Les mémoires des masques

Chapitre 1 : Le fils du Majordome Mojo

2239 mots, Catégorie: K+

Dernière mise à jour 13/02/2021 12:04

On me surnommait le fils du Majordome Mojo.

J'étais une Peste Mojo du Marais du Sud de Termina.

Et on ne peut pas dire que je sois des plus populaire au sein de mon royaume.


Le simple fait d'être le fils du majordome du Roi Mojo m'avait valu pas mal de moqueries de la part de mes camarades. Mais en plus de ça, j'était réputé pour être un véritable trouillard, le genre à m'effrayer pour un rien, et surtout un vrai faiblard. Et quand on sait que les Pestes Mojo sont loin d'être des costauds de base, c'est dire à quel point j'étais considéré comme un canard boiteux.


Cela dit, je n'avais pas que des ennemis.

J'avais bien sûr mon père, le Majordome du Roi, qui a toujours été attentionné avec moi et avec qui on s'amusait à faire la course dans le Sanctuaire Mojo... du moins quand il avait du temps à me consacrer.
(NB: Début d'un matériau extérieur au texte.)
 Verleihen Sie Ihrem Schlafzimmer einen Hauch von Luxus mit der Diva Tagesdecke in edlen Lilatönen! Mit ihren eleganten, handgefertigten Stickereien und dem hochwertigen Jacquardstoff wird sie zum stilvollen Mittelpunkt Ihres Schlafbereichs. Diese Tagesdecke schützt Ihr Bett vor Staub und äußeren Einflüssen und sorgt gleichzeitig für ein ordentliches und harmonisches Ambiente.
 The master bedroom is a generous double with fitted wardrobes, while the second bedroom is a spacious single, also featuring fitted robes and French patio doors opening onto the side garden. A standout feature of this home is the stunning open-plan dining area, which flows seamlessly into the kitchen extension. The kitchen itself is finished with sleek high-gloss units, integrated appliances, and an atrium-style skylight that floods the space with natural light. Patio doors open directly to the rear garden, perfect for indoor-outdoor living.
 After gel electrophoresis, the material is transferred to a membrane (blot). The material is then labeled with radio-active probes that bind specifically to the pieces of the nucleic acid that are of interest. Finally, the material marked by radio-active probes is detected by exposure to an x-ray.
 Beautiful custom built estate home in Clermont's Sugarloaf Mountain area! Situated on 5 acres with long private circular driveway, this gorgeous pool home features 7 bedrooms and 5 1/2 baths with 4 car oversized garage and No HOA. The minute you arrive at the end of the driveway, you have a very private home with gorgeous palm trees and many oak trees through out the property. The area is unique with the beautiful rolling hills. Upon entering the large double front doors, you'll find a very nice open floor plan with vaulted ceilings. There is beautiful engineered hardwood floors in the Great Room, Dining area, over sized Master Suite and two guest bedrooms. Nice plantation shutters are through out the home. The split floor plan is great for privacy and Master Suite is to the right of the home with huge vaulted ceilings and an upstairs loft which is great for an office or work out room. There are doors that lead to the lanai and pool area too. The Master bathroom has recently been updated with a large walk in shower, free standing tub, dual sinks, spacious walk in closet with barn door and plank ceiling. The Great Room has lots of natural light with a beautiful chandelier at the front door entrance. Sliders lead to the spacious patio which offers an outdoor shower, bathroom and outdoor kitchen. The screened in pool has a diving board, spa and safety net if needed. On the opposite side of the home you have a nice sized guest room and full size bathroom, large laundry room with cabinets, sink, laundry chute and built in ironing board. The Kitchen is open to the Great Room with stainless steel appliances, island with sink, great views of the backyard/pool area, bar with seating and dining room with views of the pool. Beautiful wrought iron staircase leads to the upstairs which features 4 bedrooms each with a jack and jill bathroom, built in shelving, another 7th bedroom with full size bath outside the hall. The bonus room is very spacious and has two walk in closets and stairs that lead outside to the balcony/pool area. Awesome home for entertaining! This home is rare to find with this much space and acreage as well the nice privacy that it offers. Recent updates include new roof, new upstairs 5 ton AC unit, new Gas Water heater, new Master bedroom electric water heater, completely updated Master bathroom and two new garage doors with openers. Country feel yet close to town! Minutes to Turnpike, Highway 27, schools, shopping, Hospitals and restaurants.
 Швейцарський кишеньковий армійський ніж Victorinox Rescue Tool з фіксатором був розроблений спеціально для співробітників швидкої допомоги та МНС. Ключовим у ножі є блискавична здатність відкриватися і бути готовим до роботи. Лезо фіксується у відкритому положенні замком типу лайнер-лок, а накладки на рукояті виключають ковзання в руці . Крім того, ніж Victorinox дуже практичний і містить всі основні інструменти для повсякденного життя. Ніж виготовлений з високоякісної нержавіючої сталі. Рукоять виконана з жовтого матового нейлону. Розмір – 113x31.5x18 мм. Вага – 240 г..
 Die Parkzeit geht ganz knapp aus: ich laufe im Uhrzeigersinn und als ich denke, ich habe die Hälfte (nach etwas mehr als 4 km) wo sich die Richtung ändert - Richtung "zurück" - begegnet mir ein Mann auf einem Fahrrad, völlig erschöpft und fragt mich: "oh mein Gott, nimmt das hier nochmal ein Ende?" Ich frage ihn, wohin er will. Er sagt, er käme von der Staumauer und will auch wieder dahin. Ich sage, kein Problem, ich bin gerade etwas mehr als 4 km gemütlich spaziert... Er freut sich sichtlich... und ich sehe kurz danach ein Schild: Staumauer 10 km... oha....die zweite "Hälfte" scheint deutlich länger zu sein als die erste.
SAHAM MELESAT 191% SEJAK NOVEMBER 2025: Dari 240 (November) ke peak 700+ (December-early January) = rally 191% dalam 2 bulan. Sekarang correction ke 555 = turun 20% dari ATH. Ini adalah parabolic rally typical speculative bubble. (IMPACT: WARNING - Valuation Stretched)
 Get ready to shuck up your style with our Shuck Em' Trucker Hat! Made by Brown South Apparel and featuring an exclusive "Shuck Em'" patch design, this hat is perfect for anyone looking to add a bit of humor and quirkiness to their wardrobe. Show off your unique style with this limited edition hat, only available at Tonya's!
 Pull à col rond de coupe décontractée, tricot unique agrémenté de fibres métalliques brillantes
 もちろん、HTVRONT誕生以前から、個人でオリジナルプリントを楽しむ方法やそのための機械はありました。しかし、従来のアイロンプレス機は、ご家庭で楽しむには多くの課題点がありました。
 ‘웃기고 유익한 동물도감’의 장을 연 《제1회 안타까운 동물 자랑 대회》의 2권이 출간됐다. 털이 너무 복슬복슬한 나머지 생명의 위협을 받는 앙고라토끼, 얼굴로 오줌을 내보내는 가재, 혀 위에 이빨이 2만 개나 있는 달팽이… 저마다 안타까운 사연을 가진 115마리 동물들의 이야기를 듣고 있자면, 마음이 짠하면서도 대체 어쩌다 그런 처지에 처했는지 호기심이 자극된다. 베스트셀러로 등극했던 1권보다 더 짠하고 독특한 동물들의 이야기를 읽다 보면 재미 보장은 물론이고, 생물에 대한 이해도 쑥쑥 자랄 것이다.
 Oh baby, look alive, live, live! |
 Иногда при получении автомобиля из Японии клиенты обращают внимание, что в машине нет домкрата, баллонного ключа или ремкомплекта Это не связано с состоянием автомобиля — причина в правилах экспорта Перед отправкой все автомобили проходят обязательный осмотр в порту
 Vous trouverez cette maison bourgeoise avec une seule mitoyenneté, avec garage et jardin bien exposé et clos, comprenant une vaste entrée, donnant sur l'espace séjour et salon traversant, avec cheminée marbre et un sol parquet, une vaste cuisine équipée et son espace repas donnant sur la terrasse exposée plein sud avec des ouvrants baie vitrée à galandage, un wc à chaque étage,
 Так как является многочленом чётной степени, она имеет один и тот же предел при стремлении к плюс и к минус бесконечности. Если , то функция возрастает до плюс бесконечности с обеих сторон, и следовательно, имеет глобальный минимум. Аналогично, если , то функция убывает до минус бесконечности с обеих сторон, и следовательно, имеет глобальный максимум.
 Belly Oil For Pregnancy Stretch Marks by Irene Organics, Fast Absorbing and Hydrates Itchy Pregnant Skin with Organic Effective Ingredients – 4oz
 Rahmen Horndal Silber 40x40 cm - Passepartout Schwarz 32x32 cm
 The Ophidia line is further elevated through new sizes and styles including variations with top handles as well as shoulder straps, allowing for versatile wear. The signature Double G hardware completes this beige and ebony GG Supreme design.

Car en tant que majordome, il devait également servir le Roi Mojo et ainsi gérer ses sautes colères et ses caprices qui étaient particulièrement fréquentes, d'aussi loin que je m'en souvienne.

C'était comme s'il devait s'occuper d'un bébé géant particulièrement difficile et ça obligeait mon père à lui consacrer plus de temps qu'à moi.

C'est assez dur, mais j'ai fini par m'y habituer.


Il y avait aussi la fille de Roi, la Princesse Mojo, qui de tout les enfants Mojo de mon âge était celle avec laquelle je m'entendais le mieux.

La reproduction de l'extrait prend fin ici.